Farther south in Pembroke and Loudon, Pleasant View Gardens began its biomass conversion in 2008.

Jeff Elkins, the facilities manager, said the company was concerned about “drastically rising fuel costs” that continued to erode the bottom line of its plant material business for growers and garden centers throughout the country.

“We weren’t near a natural gas line and we were looking for an alternative energy course,” Elkins said. “The high heating oil prices were impacting our bottom line, and it was becoming harder to pass those costs onto our customers.”

After extensive research and inspections at different biomass operations of manufacturers in the U.S. and Canada, Elkins said a master plan was created.

The first biomass system was installed at the Pembroke greenhouse location in 2008, and then a few years later in Loudon. Altogether, the company invested more than $5 million in the systems (a decision helped by more than $500,000 in U.S. Department of Agriculture grants), and it has cut its heating oil costs significantly.

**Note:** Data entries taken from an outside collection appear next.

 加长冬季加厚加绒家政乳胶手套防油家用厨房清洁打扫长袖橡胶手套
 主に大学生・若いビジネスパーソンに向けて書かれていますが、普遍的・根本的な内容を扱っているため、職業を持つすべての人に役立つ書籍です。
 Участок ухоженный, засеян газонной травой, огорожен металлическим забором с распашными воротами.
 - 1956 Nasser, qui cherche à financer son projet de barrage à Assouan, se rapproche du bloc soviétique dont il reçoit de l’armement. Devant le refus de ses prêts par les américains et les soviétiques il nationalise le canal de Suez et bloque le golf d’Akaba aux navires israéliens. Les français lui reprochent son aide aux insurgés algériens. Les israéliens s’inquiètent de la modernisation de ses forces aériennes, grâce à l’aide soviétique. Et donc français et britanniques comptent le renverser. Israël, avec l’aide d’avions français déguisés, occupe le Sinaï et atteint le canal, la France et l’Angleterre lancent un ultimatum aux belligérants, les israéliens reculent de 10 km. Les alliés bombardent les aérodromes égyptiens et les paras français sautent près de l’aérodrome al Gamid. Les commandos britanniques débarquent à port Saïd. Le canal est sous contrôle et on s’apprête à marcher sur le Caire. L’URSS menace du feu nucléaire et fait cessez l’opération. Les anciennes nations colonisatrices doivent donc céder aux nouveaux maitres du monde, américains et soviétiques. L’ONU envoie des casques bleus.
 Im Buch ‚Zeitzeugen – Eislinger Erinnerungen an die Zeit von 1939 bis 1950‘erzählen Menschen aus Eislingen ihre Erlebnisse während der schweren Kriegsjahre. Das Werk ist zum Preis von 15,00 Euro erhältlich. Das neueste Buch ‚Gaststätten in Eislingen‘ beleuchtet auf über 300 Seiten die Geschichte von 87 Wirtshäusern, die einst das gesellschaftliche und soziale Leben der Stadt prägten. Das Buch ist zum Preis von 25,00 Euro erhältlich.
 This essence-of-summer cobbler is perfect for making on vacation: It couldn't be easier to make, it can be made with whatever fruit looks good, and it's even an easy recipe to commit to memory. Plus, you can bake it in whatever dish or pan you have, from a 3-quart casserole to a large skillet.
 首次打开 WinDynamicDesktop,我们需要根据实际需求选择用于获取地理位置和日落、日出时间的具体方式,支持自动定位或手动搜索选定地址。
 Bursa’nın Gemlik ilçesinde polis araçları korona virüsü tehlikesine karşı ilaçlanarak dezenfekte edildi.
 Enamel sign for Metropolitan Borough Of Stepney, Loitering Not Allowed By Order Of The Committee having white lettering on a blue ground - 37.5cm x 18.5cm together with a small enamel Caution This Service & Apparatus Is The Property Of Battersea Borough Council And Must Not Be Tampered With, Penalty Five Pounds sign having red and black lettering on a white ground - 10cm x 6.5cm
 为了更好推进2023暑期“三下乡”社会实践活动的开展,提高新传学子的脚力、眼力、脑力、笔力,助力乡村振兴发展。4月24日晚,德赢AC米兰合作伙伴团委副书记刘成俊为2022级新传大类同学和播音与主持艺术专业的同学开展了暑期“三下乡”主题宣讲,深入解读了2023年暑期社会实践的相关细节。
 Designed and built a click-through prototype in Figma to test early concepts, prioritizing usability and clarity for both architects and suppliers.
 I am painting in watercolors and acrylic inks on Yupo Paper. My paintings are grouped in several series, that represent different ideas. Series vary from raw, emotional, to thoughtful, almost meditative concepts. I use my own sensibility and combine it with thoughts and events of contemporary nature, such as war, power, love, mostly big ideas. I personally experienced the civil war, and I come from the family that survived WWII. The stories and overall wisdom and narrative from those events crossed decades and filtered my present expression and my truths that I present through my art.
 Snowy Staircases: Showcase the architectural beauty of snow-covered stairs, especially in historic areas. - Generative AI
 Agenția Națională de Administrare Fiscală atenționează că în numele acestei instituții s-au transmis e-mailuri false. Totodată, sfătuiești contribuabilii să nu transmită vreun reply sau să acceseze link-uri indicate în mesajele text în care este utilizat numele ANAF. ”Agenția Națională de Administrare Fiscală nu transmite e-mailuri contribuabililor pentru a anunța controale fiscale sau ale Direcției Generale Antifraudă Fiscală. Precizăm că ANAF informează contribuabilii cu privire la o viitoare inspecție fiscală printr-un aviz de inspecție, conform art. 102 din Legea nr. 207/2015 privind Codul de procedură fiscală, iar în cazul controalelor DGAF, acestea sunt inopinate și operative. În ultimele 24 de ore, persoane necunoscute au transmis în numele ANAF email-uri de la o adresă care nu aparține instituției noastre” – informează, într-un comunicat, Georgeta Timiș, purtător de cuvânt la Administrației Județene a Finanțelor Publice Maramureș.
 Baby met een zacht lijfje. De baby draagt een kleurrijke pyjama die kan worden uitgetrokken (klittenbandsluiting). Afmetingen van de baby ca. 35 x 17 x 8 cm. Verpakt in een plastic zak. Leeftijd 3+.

At the Pembroke site alone, heating costs dropped from about $1 million a year for No. 2 heating oil to $250,000 annually in wood chips. Elkins expects the investment will be completely paid back in the next four to five years.

“This is much better for us than oil, natural gas or propane,” Elkins said. “And the beauty of it is that rather than sending as much as $2 million out of state for heating oil, we are putting more than a half a million dollars in a 30-to-40-minute radius of our local economy.”

As with natural gas, wood heating is not a panacea for high heating energy costs. For example, at the consumer level, there was a shortage of wood pellets during the winter of 2013-2014.

As the energy strategy report notes: “Widespread adoption of biomass heating systems could result in the state importing wood in the same way that it currently imports fossil fuels, with similar economic results … to the extent possible, the state should work to ensure that conversions to biomass heating systems are occurring strategically, focused in places located near wood supply and in concert with comprehensive efficiency efforts.”

“It’s still an immature industry,” said Mark Froling of Froling Energy Systems in Peterborough, which has transformed from a biomass manufacturer to a full-service biomass contractor with more than 100 commercial installations throughout New England.

Froling said his firm has never been busier than today, but the industry itself is hampered by two vital factors – a consistent wood pellet production infrastructure and financing to help businesses make the switch.

“When I wrote a business plan in 2008, I thought we would have much steeper growth,” Froling said. “The payback for larger commercial projects can range from two to seven years. It’s funny, but we put a bid on a project that would have had a payback of just over four years, and this business is having a hard time getting financing even though it will help its long-term bottom line. With all these major economic shifts, it has become harder to get money.”

But the supply side aspect of the industry is being sorted out, said Froling.

“We have seen huge growth and acquisitions with a lot of these operations being well-capitalized and being run more professionally,” he said. “I think we are going to go from 15 plants to about 22 plants which will make a big difference.”